Fix ranking (google#1765)

1. Fix average rank ranking: * Need to replace `NaN` in the `experiment_df` with `0`; otherwise, it may cause counterintuitive ranking in rare cases (e.g., two fuzzer both found zero bug on one benchmark and `NaN` on the rest. They are ranked differently because one got 0 on benchmark `A` and the other got 0 on `B`, where some other fuzzer found some bug in `A` but no one found any bug in `B`.) * Use `min` as the ranking method. * Do not need `na_option` as `NaN` is now `0`. Otherwise, it should at least be changed to `bottom`. 2. Fix average score ranking: * Replace `NaN` in the `experiment_df` with `0`.
clesmian · Mar 2, 2023 · 1e08c07 · 1e08c07
1 parent 74fe046
commit 1e08c07
Showing 1 changed file with 9 additions and 9 deletions.
diff --git a/analysis/data_utils.py b/analysis/data_utils.py
@@ -362,9 +362,9 @@ def experiment_rank_by_average_rank(experiment_pivot_df):
     (smaller is better).
     """
     # Rank fuzzers in each benchmark block.
-    pivot_ranked = experiment_pivot_df.rank('columns',
-                                            na_option='keep',
-                                            ascending=False)
+    pivot_ranked = experiment_pivot_df.fillna(0).rank('columns',
+                                                      method='min',
+                                                      ascending=False)
     average_ranks = pivot_ranked.mean().sort_values()

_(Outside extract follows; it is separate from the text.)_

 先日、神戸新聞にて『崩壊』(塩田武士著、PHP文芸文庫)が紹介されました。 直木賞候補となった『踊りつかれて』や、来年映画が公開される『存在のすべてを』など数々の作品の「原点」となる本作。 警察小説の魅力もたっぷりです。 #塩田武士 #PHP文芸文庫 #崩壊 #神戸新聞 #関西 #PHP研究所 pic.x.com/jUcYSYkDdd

     return average_ranks.rename('average rank')
 
@@ -373,9 +373,9 @@ def experiment_rank_by_num_firsts(experiment_pivot_df):
     """Creates experiment level ranking by number of first places in per
     benchmark rankings (higher is better)."""

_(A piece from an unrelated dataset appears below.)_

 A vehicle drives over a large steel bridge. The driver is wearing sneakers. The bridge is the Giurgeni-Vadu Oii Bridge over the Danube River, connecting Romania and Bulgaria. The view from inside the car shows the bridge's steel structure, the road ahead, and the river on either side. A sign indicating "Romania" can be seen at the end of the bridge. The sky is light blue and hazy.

     # Rank fuzzers in each benchmark block.
-    pivot_ranked = experiment_pivot_df.rank('columns',
-                                            na_option='keep',
-                                            ascending=False)
+    pivot_ranked = experiment_pivot_df.fillna(0).rank('columns',
+                                                      method='min',
+                                                      ascending=False)
     # Count first places for each fuzzer.
     firsts = pivot_ranked[pivot_ranked == 1]
     num_firsts = firsts.sum().sort_values(ascending=False)
@@ -386,9 +386,9 @@ def experiment_rank_by_average_normalized_score(experiment_pivot_df):
     """Creates experiment level ranking by taking the average of normalized per
     benchmark scores from 0 to 100, where 100 is the highest reach coverage."""
     # Normalize coverage values.
-    benchmark_maximum = experiment_pivot_df.max(axis='columns')
-    normalized_score = experiment_pivot_df.div(benchmark_maximum,
-                                               axis='index').mul(100)
+    benchmark_maximum = experiment_pivot_df.fillna(0).max(axis='columns')
+    normalized_score = experiment_pivot_df.fillna(0).div(benchmark_maximum,
+                                                         axis='index').mul(100)
 
     average_score = normalized_score.mean().sort_values(ascending=False)
     return average_score.rename('average normalized score')